Livesay v Hawkins & Ors [2012] QSC 122

In Livesay v Hawkins & Ors [2012] QSC 122, the Supreme Court of Queensland was recently required to consider what constitutes a "claim" within the terms of a policy of insurance. The dispute involved a real estate agent (Newman) and his insurer (AHAC) and arose out of proceedings commenced by Shirley Livesay for injuries she sustained in a house she rented at Meadowbook.

Mrs Livesay and her husband rented the house from Gaylene and Jeremy Hawkins who had engaged Newman to manage the property. He was responsible for carrying out inspections of the house, arranging repairs, entering into tenancy agreements and collecting rent.

On Anzac Day in 2005, Mrs Livesay was injured when a pelmet above a door in the house fell and struck her. The following day, Mrs Livesay and her husband delivered a letter to Newman's office. The letter contained words to the effect:

"...It caused personal injury to her left hand and appears to have cracked her nose. We are currently seeking medical advice and will advise you of our intentions on this matter..."

And

"As per the Tenancy Act and advice from Rental Tribunal, Ray White Real Estate and the owners of a rental property will be held liable for any personal injury claims arising from damage caused to the tenants due to poor living conditions.....";

It also contained a lengthy description of problems with the house and repairs that the Livesays considered needed to be carried out. It appears little happened following this letter until September 2005 when Mrs Livesay served a Form 1 notice of claim under the Personal Injuries Proceedings Act 2002 (PIPA) on Newman.

Newman held a professional indemnity insurance policy with American Home Assurance Company (AHAC) for the period 24 July 2004 to 24 July 2005. When Newman received the Form 1 notice of claim under PIPA, he notified a claim to AHAC. AHAC refused to indemnify him in respect of his liability to Mrs Livesay. The insurer submitted that no "claim" had been made against Newman during the policy period.
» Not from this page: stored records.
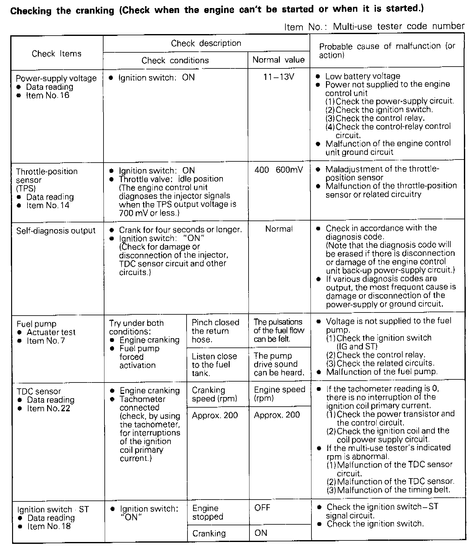 CRANKING CHECK
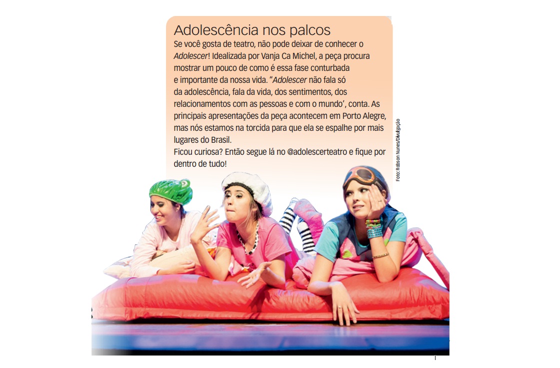 A dramaturgia de Vanja Ca Michel, que assina o roteiro, produção e direção, reflete sobre os comportamentos típicos da adolescência, reunindo fragmentos de Moacyr Scliar, do psiquiatra José Outeiral e dos psicanalistas Rubem Alves e Cybelle Weinberg. Temas recorrentes aos adolescentes, como respeito às diferenças, relação com os pais, bullying, sexualidade e drogas estão sempre em pauta nas esquetes que compõem o espetáculo.
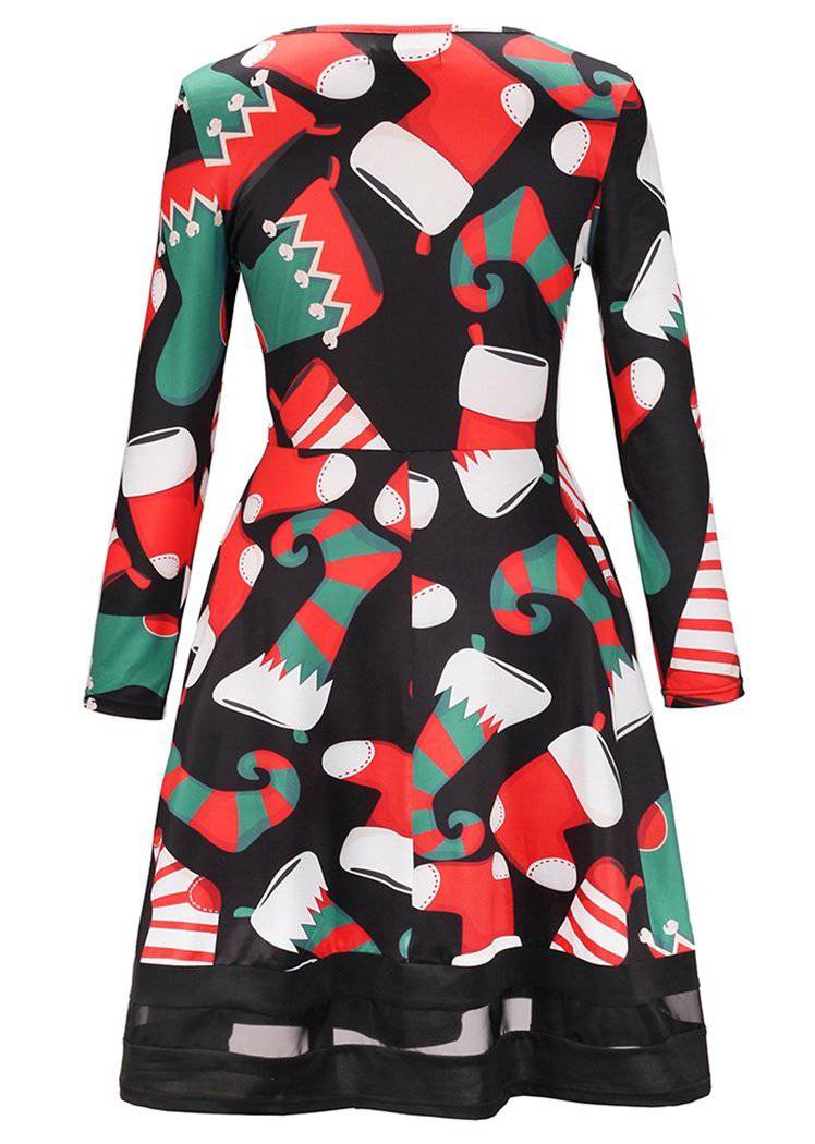 Fashion Christmas Stocking Print Hollow Front Long Sleeve Dresses For Women
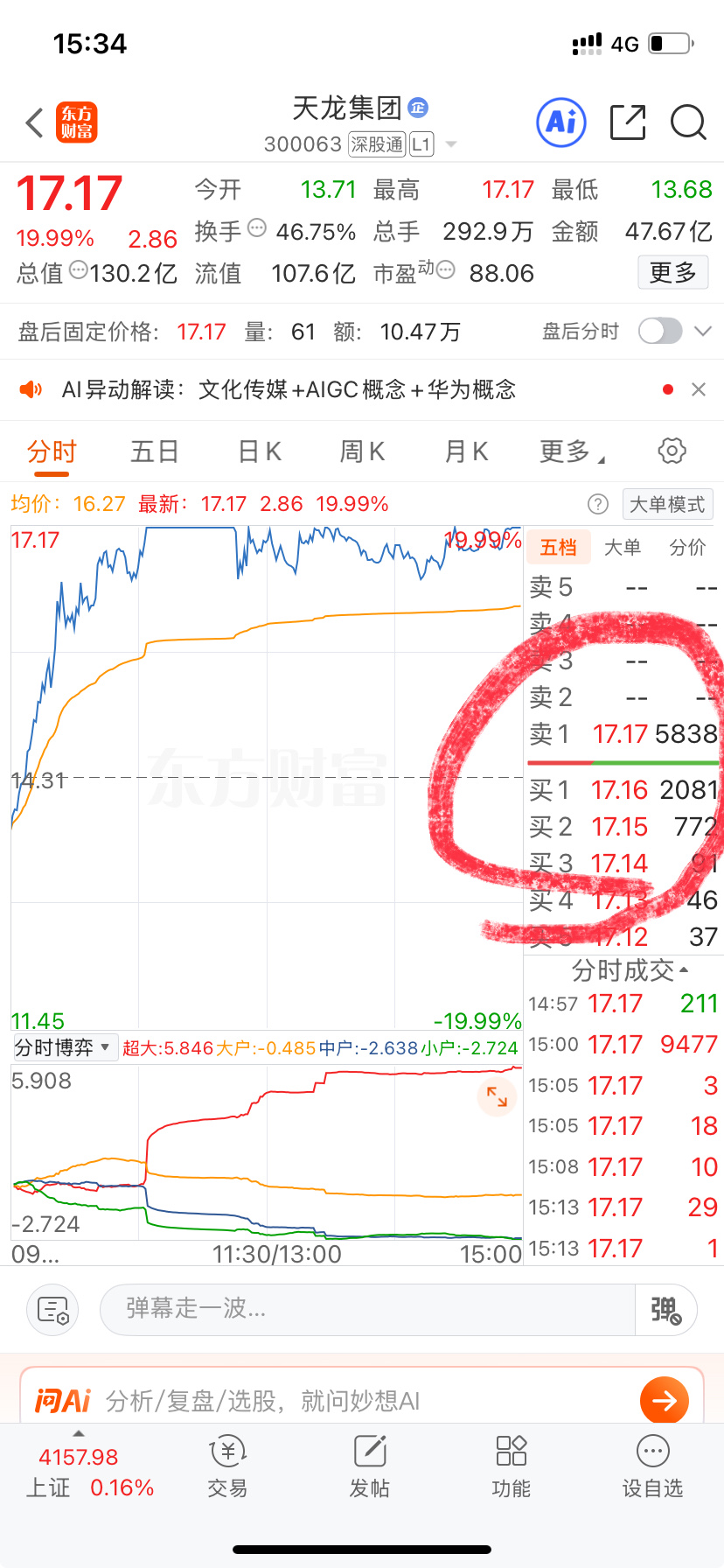 $天龙集团(SZ300063)$ 这个算涨停了不?还是竞价漏单了?差一分?
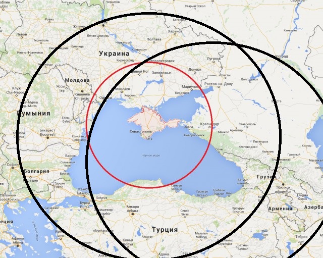 См. пример карты с разными значениями радиуса:
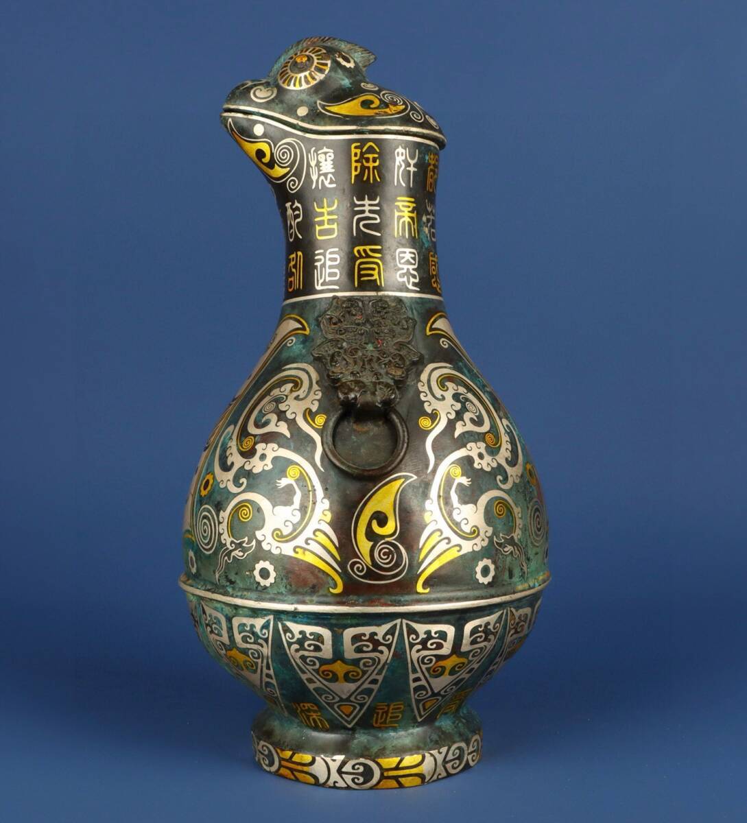 - 蔵友旧蔵出 漢 青銅作 錯金銀 鳥蓋瓶 希少珍品 貴重品 置物 古賞物 中国古玩 中国古美術品 館蔵品

Newman and AHAC ended up before the Queensland Supreme Court. The court was asked to consider whether the letter to Newman constituted a "claim" for the purposes of affording him coverage under the relevant policy. The policy defined "claim" to mean "any written demand...for compensation made against the insured but only in respect of Professional Services by the Insured..."

The court considered that the letter expressly asserted an entitlement on the part of Mrs Livesay to recover for her personal injury claim "due to injury caused by dangerous fixture." It occurred in the context of a letter in which Mrs Livesay and her husband were seeking resolution of the complaints they had in respect of defects in the property. The letter made it clear that Mrs Livesay appreciated and contended that she had a claim against Newman. The court considered that these elements were sufficient for the letter to be considered a form of demand, irrespective of whether the demand coincided with complaints about the condition of the property. In the court's opinion the letter constituted a written demand for compensation within the definition of the term "claim" in the policy. On that basis, the claim fell to be considered under the policy.

The court held further, following a concession by the insurer, that section 54 of the Insurance Contracts Act 1984 "cured" the late notification of the claim. [Newman, however, was held not to be entitled to cover by virtue of the operation of a bodily injury exclusion in the policy.]